Renters to face less competition
While the national vacancy rate fell to a record low of 0.8% once again in January, the rental market may be shifting in favour of tenants, according to Domain’s latest Vacancy Rates Report.
With rental price increases slowing across most capital cities and average views per rental listing decreasing compared to the previous year, renters will likely see less competition, the report indicated.
In Sydney, the vacancy rate dropped to 0.9%, returning to its record low. This decline is attributed to a decrease in rental supply, particularly notable during the changeover period, accompanied by a surge in average views per rental listing, indicating growing demand. Nevertheless, views per rental listing have declined annually since mid-2023, hinting at a slowdown in rental demand.
Melbourne also saw its vacancy rate decrease to 0.9%, just 0.1 percentage points above its record low. This is the first monthly decline since September, driven by dwindling rental stock during the typical transition period. Despite a monthly increase in average views per rental listing, the yearly trend indicates a diminishing rental demand.
Brisbane experienced its first monthly decrease since September, with a vacancy rate of 0.8%, while Perth maintained a steady vacancy rate of 0.4%.
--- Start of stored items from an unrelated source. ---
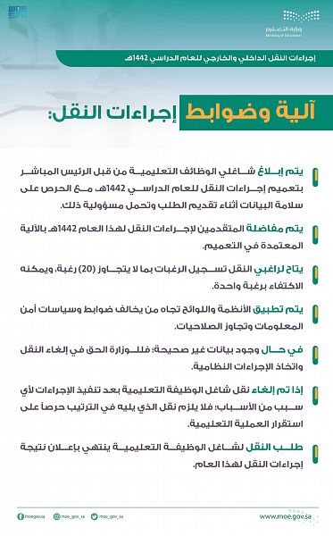 وأكدت وزارة التعليم أن طلب النقل لشاغل الوظيفة التعليمية ينتهي بإعلان نتيجة إجراءات النقل لهذا العام، مشيرةً إلى أنه سيتم تطبيق الأنظمة واللوائح تجاه مَنْ يخالف ضوابط وسياسات أمن المعلومات وتجاوز الصلاحيات، وفي حال وجود بيانات غير صحيحة؛ فإن للوزارة الحق في إلغاء عملية النقل، مبينةً أنه إذا تم إلغاء نقل شاغل الوظيفة التعليمية بعد تنفيذ الإجراءات لأي سبب فلا يلزم نقل الذي يليه في الترتيب حرصاً على استقرار العملية التعليمية.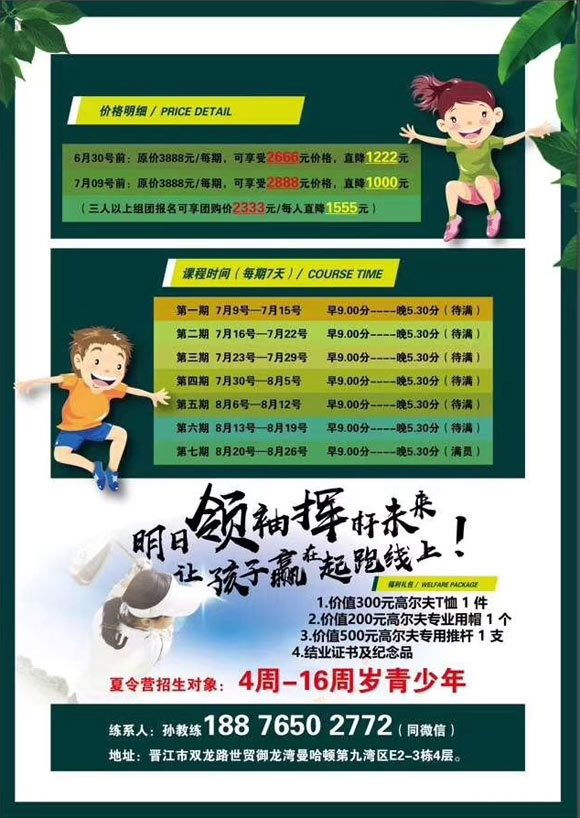 晋江维可森夏令营第一期开营啦!同时在线接受后面的预约报名,维可森给你一个不一样的假期,明日领袖,挥杆未来!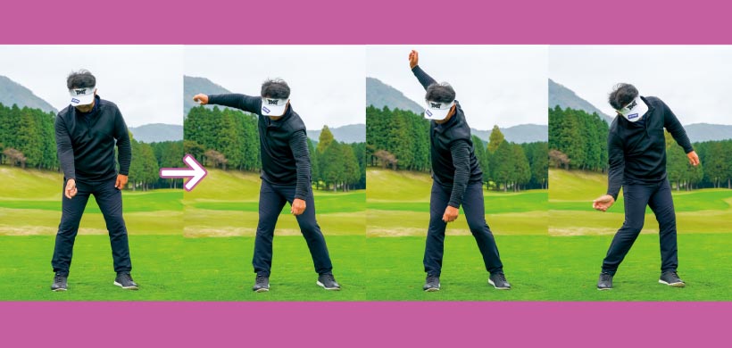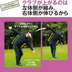 これを左側屈といいますが、この動きがあると手先を使わなくてもクラブが上がっていきます。裏を返せば、手を使って能動的にクラブを上げなくてもいいわけで、右手一本でクラブを引き上げていくのと同じ動きになります。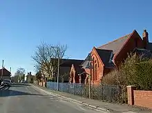 The main street is occupied by several grade II listed buildings, dating back to the eighteenth century. The oldest is the Old Manor, originally an L-shaped building dating from the early part of the century, but the rear wing was demolished in the 1950s. It is constructed of brick, some of which is rendered, with a pantile roof.[4] Elmtree House if a pebbledashed brick structure, with a slate roof, dating from the middle of the century.[5] Reedness Manor House is also brick with a slate roof, but the front was replaced in the nineteenth century, and is pebbledashed,[6] while Reedness Hall is built in plain brick, with a slate roof at the front and pantiles at the back. Both data from mid-century.[7] The Ferry House (was Ferry Inn/Angel Inn) on the junction with Church Lane, is the only one which carries a date. Tie-bar ends on the gables indicate that it was built in 1778, although there have been later additions to the red-brick, pantile-roofed building.[8]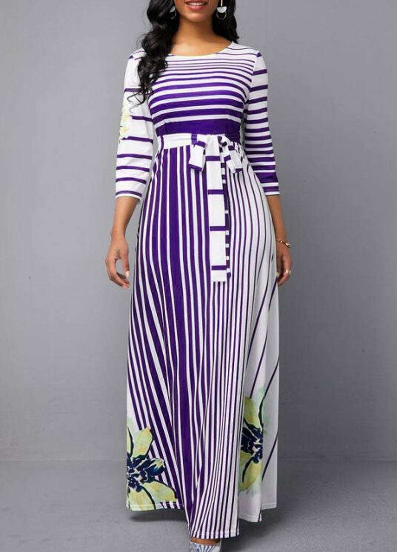 Повседневное Полосатое тонкое лоскутное летнее макси платье с коротким рукавом, простые эластичные платья без поясаUS $17,80 /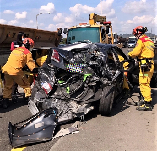 中國(guó)臺(tái)灣網(wǎng)5月2日訊 據(jù)臺(tái)灣《聯(lián)合報(bào)》報(bào)道,屏東縣里港鄉(xiāng)屏10線青龍寺附近今天(2日)上午近9時(shí)發(fā)生連環(huán)車禍案,現(xiàn)場(chǎng)為4輛砂石車及2輛轎車追撞,有2名乘客受困。屏東縣消防局派遣3輛破壞器材車、6輛救護(hù)車共9車17人前往救援,抵達(dá)現(xiàn)場(chǎng)后于9時(shí)19分分別將人員救出及送醫(yī),現(xiàn)場(chǎng)有8名傷者(5男3女),無生命危險(xiǎn)。

Adelaide emerged as the most competitive city for potential tenants, with a vacancy rate of 0.3%, just 0.1 percentage points from its record low. Darwin’s vacancy rate declined to 1.4%, supported by a decrease in rental stock and an increase in average views per rental listing.
Hobart witnessed a drop in vacancy rate to 0.7%, marking the lowest rate since February 2023 and a significant departure from its record high in June 2023. Canberra experienced the most substantial monthly change, with its vacancy rate decreasing to 1.5%, although conditions remain less competitive for tenants compared to other capitals.
“It was expected that the rental market would tighten in January as the increased demand absorbed December’s supply boost,” said Nicola Powell (pictured), chief of research and economics at Domain. “The glimmer of hope for renters this year does remain as we are likely moving into a period of slower rental growth and the number of prospective tenants per rental listing is easing. This suggests that rental demand is pulling back and while it hasn’t been enough to boost the vacancy rate, it could be on the horizon.
“We are also likely to see some renters transitioning to homeownership with the new first-home buyer incentives in place along with a potential interest cut that will improve borrowing capacity and mortgage affordability. We anticipate a tipping point to be reached at some stage this year, making a return to a more balanced rental market.”